##### Data supplied

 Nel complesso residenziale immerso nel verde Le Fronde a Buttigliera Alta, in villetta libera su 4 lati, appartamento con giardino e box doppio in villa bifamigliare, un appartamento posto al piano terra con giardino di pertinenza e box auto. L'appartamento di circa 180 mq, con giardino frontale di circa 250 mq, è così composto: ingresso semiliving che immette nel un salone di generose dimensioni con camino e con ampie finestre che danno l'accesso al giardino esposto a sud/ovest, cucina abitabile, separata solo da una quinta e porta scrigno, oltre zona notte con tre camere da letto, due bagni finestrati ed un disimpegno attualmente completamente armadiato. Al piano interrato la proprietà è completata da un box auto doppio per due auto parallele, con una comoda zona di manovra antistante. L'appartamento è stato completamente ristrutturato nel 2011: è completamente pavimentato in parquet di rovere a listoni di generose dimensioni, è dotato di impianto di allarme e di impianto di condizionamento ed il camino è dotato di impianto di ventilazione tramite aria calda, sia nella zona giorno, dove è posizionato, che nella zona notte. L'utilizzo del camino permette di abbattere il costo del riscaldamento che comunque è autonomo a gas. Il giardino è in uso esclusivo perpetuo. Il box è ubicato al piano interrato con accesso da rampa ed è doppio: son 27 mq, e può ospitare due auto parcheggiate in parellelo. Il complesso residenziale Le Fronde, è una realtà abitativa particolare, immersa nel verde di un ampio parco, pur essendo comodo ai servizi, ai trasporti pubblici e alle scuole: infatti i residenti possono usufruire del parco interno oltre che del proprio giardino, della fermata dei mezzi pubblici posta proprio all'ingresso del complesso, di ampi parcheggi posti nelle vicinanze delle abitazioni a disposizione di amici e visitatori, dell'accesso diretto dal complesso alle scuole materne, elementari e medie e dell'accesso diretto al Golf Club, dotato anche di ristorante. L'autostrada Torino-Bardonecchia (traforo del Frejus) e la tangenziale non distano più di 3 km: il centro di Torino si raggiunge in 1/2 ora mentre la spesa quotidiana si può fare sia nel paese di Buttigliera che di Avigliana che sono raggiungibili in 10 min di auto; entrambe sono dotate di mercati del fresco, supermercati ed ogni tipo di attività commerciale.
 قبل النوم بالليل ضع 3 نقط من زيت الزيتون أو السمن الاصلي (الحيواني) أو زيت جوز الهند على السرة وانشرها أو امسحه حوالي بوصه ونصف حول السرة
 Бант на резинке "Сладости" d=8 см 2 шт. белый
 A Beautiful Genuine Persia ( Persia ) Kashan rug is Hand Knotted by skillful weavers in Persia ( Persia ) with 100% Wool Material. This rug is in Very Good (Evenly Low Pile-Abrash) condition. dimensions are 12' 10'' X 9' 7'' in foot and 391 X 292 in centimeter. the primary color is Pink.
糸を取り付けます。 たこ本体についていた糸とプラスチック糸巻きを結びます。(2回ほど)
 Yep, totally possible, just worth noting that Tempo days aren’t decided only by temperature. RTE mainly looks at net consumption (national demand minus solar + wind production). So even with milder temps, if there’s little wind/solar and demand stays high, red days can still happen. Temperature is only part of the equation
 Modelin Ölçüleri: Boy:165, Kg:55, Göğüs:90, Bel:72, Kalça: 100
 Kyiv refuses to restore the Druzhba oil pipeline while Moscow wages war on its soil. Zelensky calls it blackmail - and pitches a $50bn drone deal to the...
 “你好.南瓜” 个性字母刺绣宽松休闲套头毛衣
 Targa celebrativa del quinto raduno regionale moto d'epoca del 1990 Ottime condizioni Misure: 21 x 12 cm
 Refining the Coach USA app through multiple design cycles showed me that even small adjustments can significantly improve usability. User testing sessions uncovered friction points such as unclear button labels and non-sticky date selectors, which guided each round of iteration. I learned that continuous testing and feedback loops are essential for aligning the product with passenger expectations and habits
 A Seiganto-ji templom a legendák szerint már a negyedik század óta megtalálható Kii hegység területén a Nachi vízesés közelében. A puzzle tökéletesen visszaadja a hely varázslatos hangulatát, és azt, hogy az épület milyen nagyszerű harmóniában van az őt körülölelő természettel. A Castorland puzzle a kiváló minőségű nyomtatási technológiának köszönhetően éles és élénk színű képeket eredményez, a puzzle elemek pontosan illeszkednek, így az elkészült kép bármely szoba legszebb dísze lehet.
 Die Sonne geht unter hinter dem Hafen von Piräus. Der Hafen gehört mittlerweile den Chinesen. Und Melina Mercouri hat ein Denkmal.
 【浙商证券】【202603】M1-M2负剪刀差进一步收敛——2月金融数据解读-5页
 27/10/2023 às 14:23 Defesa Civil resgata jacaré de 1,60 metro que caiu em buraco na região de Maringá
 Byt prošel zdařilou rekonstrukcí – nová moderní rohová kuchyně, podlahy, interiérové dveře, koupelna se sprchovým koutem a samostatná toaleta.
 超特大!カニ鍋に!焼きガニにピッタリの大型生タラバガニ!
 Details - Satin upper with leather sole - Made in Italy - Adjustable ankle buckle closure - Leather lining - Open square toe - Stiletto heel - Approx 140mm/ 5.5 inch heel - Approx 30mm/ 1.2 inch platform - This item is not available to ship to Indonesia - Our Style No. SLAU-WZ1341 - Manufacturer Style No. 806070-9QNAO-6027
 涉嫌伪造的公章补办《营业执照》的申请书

##########

Exactly as given, set down all of the lines above.

 Nel complesso residenziale immerso nel verde Le Fronde a Buttigliera Alta, in villetta libera su 4 lati, appartamento con giardino e box doppio in villa bifamigliare, un appartamento posto al piano terra con giardino di pertinenza e box auto. L'appartamento di circa 180 mq, con giardino frontale di circa 250 mq, è così composto: ingresso semiliving che immette nel un salone di generose dimensioni con camino e con ampie finestre che danno l'accesso al giardino esposto a sud/ovest, cucina abitabile, separata solo da una quinta e porta scrigno, oltre zona notte con tre camere da letto, due bagni finestrati ed un disimpegno attualmente completamente armadiato. Al piano interrato la proprietà è completata da un box auto doppio per due auto parallele, con una comoda zona di manovra antistante. L'appartamento è stato completamente ristrutturato nel 2011: è completamente pavimentato in parquet di rovere a listoni di generose dimensioni, è dotato di impianto di allarme e di impianto di condizionamento ed il camino è dotato di impianto di ventilazione tramite aria calda, sia nella zona giorno, dove è posizionato, che nella zona notte. L'utilizzo del camino permette di abbattere il costo del riscaldamento che comunque è autonomo a gas. Il giardino è in uso esclusivo perpetuo. Il box è ubicato al piano interrato con accesso da rampa ed è doppio: son 27 mq, e può ospitare due auto parcheggiate in parellelo. Il complesso residenziale Le Fronde, è una realtà abitativa particolare, immersa nel verde di un ampio parco, pur essendo comodo ai servizi, ai trasporti pubblici e alle scuole: infatti i residenti possono usufruire del parco interno oltre che del proprio giardino, della fermata dei mezzi pubblici posta proprio all'ingresso del complesso, di ampi parcheggi posti nelle vicinanze delle abitazioni a disposizione di amici e visitatori, dell'accesso diretto dal complesso alle scuole materne, elementari e medie e dell'accesso diretto al Golf Club, dotato anche di ristorante. L'autostrada Torino-Bardonecchia (traforo del Frejus) e la tangenziale non distano più di 3 km: il centro di Torino si raggiunge in 1/2 ora mentre la spesa quotidiana si può fare sia nel paese di Buttigliera che di Avigliana che sono raggiungibili in 10 min di auto; entrambe sono dotate di mercati del fresco, supermercati ed ogni tipo di attività commerciale.
 قبل النوم بالليل ضع 3 نقط من زيت الزيتون أو السمن الاصلي (الحيواني) أو زيت جوز الهند على السرة وانشرها أو امسحه حوالي بوصه ونصف حول السرة
 Бант на резинке "Сладости" d=8 см 2 шт. белый
 A Beautiful Genuine Persia ( Persia ) Kashan rug is Hand Knotted by skillful weavers in Persia ( Persia ) with 100% Wool Material. This rug is in Very Good (Evenly Low Pile-Abrash) condition. dimensions are 12' 10'' X 9' 7'' in foot and 391 X 292 in centimeter. the primary color is Pink.
糸を取り付けます。 たこ本体についていた糸とプラスチック糸巻きを結びます。(2回ほど)
 Yep, totally possible, just worth noting that Tempo days aren’t decided only by temperature. RTE mainly looks at net consumption (national demand minus solar + wind production). So even with milder temps, if there’s little wind/solar and demand stays high, red days can still happen. Temperature is only part of the equation
 Modelin Ölçüleri: Boy:165, Kg:55, Göğüs:90, Bel:72, Kalça: 100
 Kyiv refuses to restore the Druzhba oil pipeline while Moscow wages war on its soil. Zelensky calls it blackmail - and pitches a $50bn drone deal to the...
 “你好.南瓜” 个性字母刺绣宽松休闲套头毛衣
 Targa celebrativa del quinto raduno regionale moto d'epoca del 1990 Ottime condizioni Misure: 21 x 12 cm
 Refining the Coach USA app through multiple design cycles showed me that even small adjustments can significantly improve usability. User testing sessions uncovered friction points such as unclear button labels and non-sticky date selectors, which guided each round of iteration. I learned that continuous testing and feedback loops are essential for aligning the product with passenger expectations and habits
 A Seiganto-ji templom a legendák szerint már a negyedik század óta megtalálható Kii hegység területén a Nachi vízesés közelében. A puzzle tökéletesen visszaadja a hely varázslatos hangulatát, és azt, hogy az épület milyen nagyszerű harmóniában van az őt körülölelő természettel. A Castorland puzzle a kiváló minőségű nyomtatási technológiának köszönhetően éles és élénk színű képeket eredményez, a puzzle elemek pontosan illeszkednek, így az elkészült kép bármely szoba legszebb dísze lehet.
 Die Sonne geht unter hinter dem Hafen von Piräus. Der Hafen gehört mittlerweile den Chinesen. Und Melina Mercouri hat ein Denkmal.
 【浙商证券】【202603】M1-M2负剪刀差进一步收敛——2月金融数据解读-5页
 27/10/2023 às 14:23 Defesa Civil resgata jacaré de 1,60 metro que caiu em buraco na região de Maringá
 Byt prošel zdařilou rekonstrukcí – nová moderní rohová kuchyně, podlahy, interiérové dveře, koupelna se sprchovým koutem a samostatná toaleta.
 超特大!カニ鍋に!焼きガニにピッタリの大型生タラバガニ!
 Details - Satin upper with leather sole - Made in Italy - Adjustable ankle buckle closure - Leather lining - Open square toe - Stiletto heel - Approx 140mm/ 5.5 inch heel - Approx 30mm/ 1.2 inch platform - This item is not available to ship to Indonesia - Our Style No. SLAU-WZ1341 - Manufacturer Style No. 806070-9QNAO-6027
 涉嫌伪造的公章补办《营业执照》的申请书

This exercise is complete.